*** INPUT DATA Section Begins ***

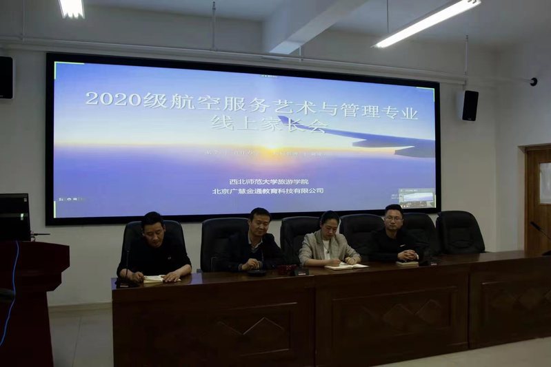 3月31日,伟德国际1946源于英国2020级航空服务艺术与管理专业线上家长会在文科实训楼904召开。公司党委副书记谢致远、北京广慧金通教育科技有限公司驻伟德国际1946工作处主任席聪、班主任曹洪涛、邹小强出席,共有83名2020级员工家长通过腾讯视频会议参与了此次会议。
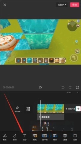 在界面下方找到“文字”功能并点击。
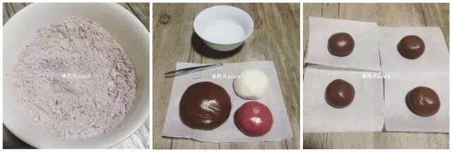 ①将糯米粉、可可粉、糖粉搅拌混合,牛奶慢慢倒入用筷子画圆圈搅拌(面粉吸水性不同,以揉成团为准),揉成团放在油纸上,准备好一根干净的针和镊子,还有一小碗水,油纸剪成一小张,可可面团搓成每个约9g的4个
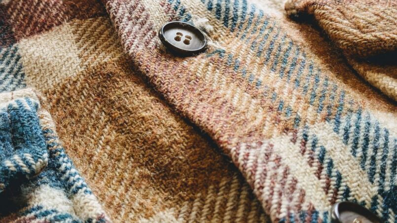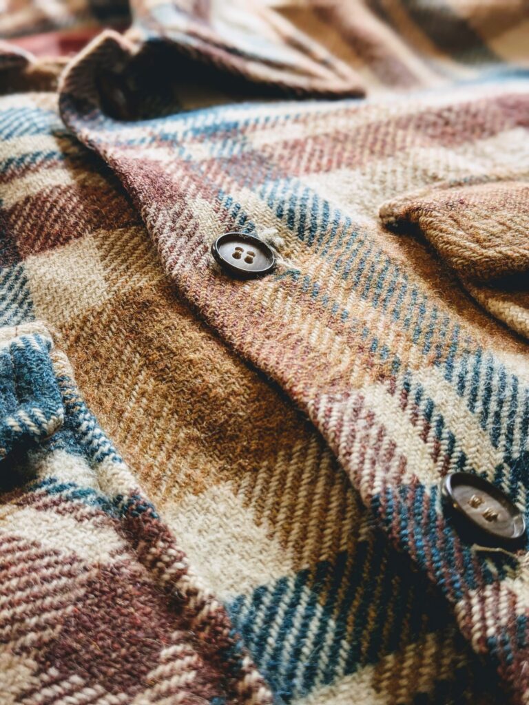 ボディは程よい厚みのあるウール生地、ベージュとブラウン、グリーンのチェック柄です。

*** INPUT DATA Section Ends ***

YOUR GOAL
Output the listing exactly, without images.

WRITTEN RESPONSE
 3月31日,伟德国际1946源于英国2020级航空服务艺术与管理专业线上家长会在文科实训楼904召开。公司党委副书记谢致远、北京广慧金通教育科技有限公司驻伟德国际1946工作处主任席聪、班主任曹洪涛、邹小强出席,共有83名2020级员工家长通过腾讯视频会议参与了此次会议。
 在界面下方找到“文字”功能并点击。
 ①将糯米粉、可可粉、糖粉搅拌混合,牛奶慢慢倒入用筷子画圆圈搅拌(面粉吸水性不同,以揉成团为准),揉成团放在油纸上,准备好一根干净的针和镊子,还有一小碗水,油纸剪成一小张,可可面团搓成每个约9g的4个
 ボディは程よい厚みのあるウール生地、ベージュとブラウン、グリーンのチェック柄です。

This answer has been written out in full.